Who’s in Control? A Look at Remote Interpreting


– Giovanna Lester © 2012

Remote Interpreting (RI) is defined as any form of interpreting in which the interpreter works away from the meeting room either by telephone or by utilizing video-conferencing tools such as cable arrangements, closed-circuit TV and other similar technologies.

Despite what many believe, RI is not new. Agencies and organizations that are part of RI’s history include:

  •  UNESCO “Symphonie Satellite” – 1976
  •  NYC-Buenos Aires United Nations experiment – 1978
  •  European Telecommunications Standards Institute study on ISDN video telephony for conference interpreters – 1993
  •  Various tests by the European Commission – 1995, 1997, 2000
  •  United Nations tests – 1999, 2001
  •  European Parliament – 2001
Nurse using video remote interpreting services

Nurse engages a video interpreter to help her communicate with one of her patients.

However, two important factors have contributed to RI’s increasing prevalence in recent years. The first and probably most important factor, from the point of view of language service providers and conference organizers, has been the advances in technological developments. These advances allow for the delivery of better sound and image quality for conference attendees and interpreters. The second factor is the development of technology industry standards that have made using these technologies easier and more affordable.

Some noted improvements relate to design elements such as improved ergonomics, less complex set-ups and a reduced number of input sources. The above developments, however, have had no direct impact on the professional interpreter, and the human element has become the most important variable in the process.

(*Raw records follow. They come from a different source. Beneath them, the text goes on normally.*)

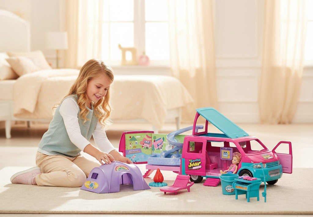 Mobilność + domek w jednym – kamper jest pojazdem i "domkiem" naraz. Dziecko może "jechać" w nowe miejsce, a po dotarciu na „biwak” rozkłada namiot, rozstawia akcesoria, przygotowuje posiłek i wskakuje do basenu (lalka oczywiście!).
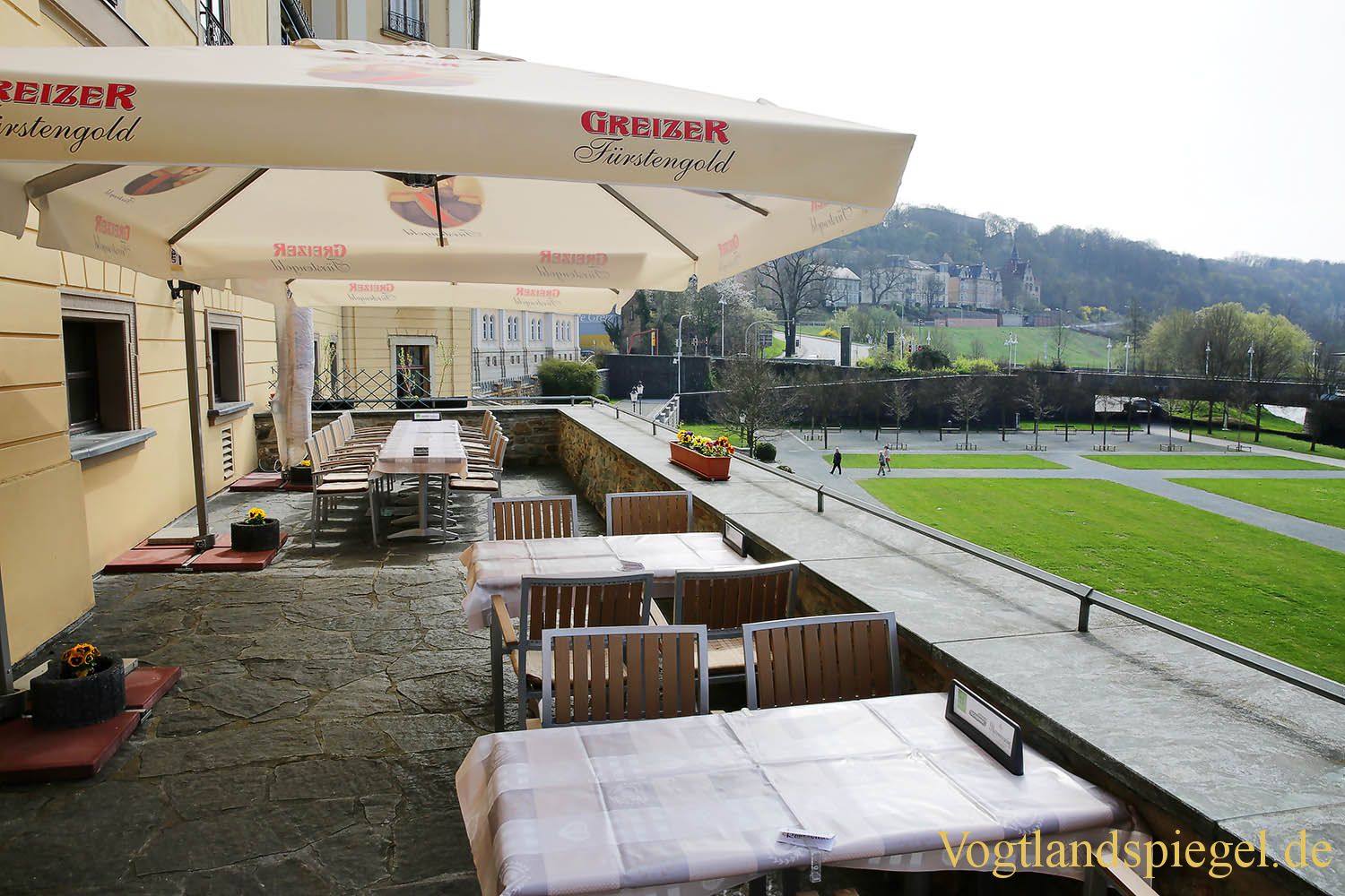 Auf der Terrasse des Restaurants „Harmonie“ – Blick in den Schlossgarten. Aufnahme von Anfang April 2017.
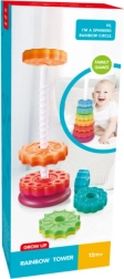 Turnul Rotativ Pirana Puzzle Curcubeu este o jucărie interactivă care susține dezvoltarea gândirii logice, percepției vizuale și recunoașterii culorilor și formelor. Copiii învață să asambleze turnul de la cele mai mari la cele mai mici piese în funcție de culorile curcubeului, ceea ce este extrem de captivant și educativ.
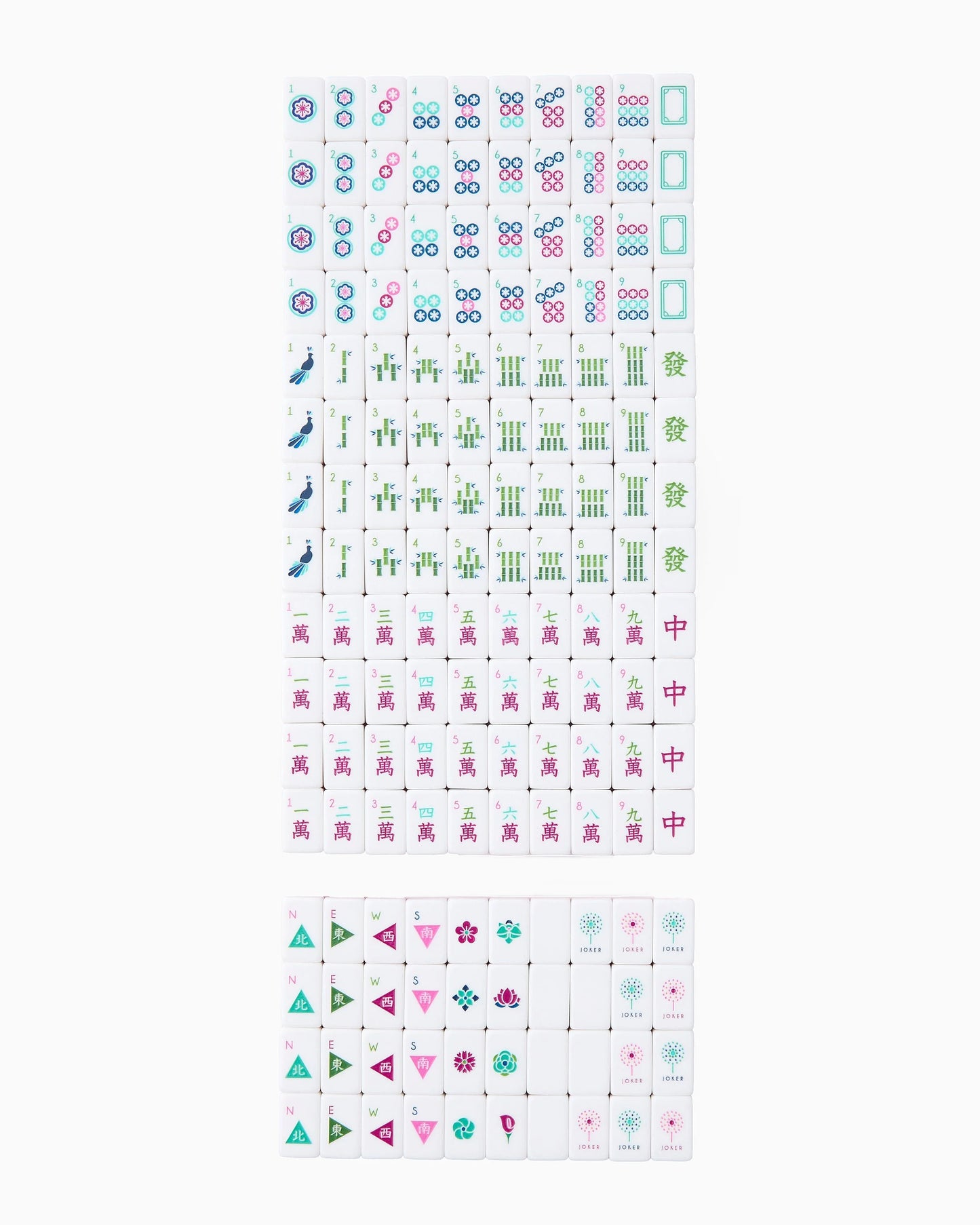 This set, comprising 160 plum, chartreuse, teal and coral, pink-toned tiles, includes 152 traditional tiles, 6 blanks, and 8 jokers, this set is paired with pristine white wooden racks, a chartreuse zippered storage pouch and a generous teal 22" x 22" mat. It seamlessly marries convenience with charm.

The human body has its own limitations and these have been noted in studies as recently as 2006 and as far back as 1998. For example, the lack of visual input results in greater stress and affects the interpreter’s ability to commit information to memory. Improper set-up can result in physical tiredness (eye fatigue, fatigue related to mental multi-tasking, etc.). Other complaints noted were related to the social isolation and the technical aspects of controlling multiple input devices.

A controlled study (Moser-Mercer, 2002) has shown that working live in a conference setting is less stressful and less tiring than working in RI environments. Another study, by Erickson and Kintsch (1995), shows that the RI-created environment affects interpreters’ efficiency, comprehension and production processes in their short- and long-term working memory, which is reflected in the quality of their performance.

My personal experience in the area of RI is not extensive, but it is varied in regard to both set-up and pay. It seems that the market has not found its point of equilibrium yet.

One of my first experiences was with the more complex set-up. It involved (1) using a landline and (2) a cell phone while (3) negotiating Yahoo instant communication service in order to (4) coordinate the hand-off to my colleague, while at the same time (5) following the PowerPoint slides on my computer, (6) using a headphone for the audio line and (7) holding the landline phone upside down so its microphone was closer to my mouth and the rest of the phone did not bump into my headset! Fortunately, the client had provided the PowerPoint slides ahead of time, which assisted my colleague and me in becoming familiar with the terminology and determining the rhythm and delivery needed to fit text and sound together.

In another instance, the client had me listen to the live presentation once, then listen to the recording of that live presentation, then interpret while listening again—all with no visual clues, no handouts, and no PowerPoint slides. I still needed two separate lines: one for hearing and one for speaking.

At my most recent endeavor in the RI field, the client got it almost completely right. I was invited into a studio and provided with the material ahead of time so we could agree on the rendition of certain terms and coordinate the speaking/slide synchronization. And there was a rehearsal the day before the event. On the day of the event, we had people joining us from eight different countries. Since we had been given their presentations ahead of time, there were very few surprises and all of them were negotiable. My colleague and I were given professional respect (they took our input into consideration and made changes to set-up and script), and were respected as human beings as well: we were given comfortable chairs, snacks, lunch, and technical support. Another indication of professional respect was the level of pay. The only reason it was almost perfect is because the monitor was below eye level and the microphone was not at the right height, which caused me to hunch forward, and resulted in upper back discomfort. The assignment was only one hour long and I could not have endured it for much longer. Again, ergonomics is very important.

What I learned from the above experiences: Remote Interpreting is the new darling in the field because companies are faced with new financial demands, and they are considering a wide variety of technologies that can potentially assist them in navigating those demands. However, they still need to learn what can and what cannot be expected in terms of interpreter performance. This is actually a great opportunity for professional interpreters—the human element—to have a stronger say in the development of this segment and to set limits.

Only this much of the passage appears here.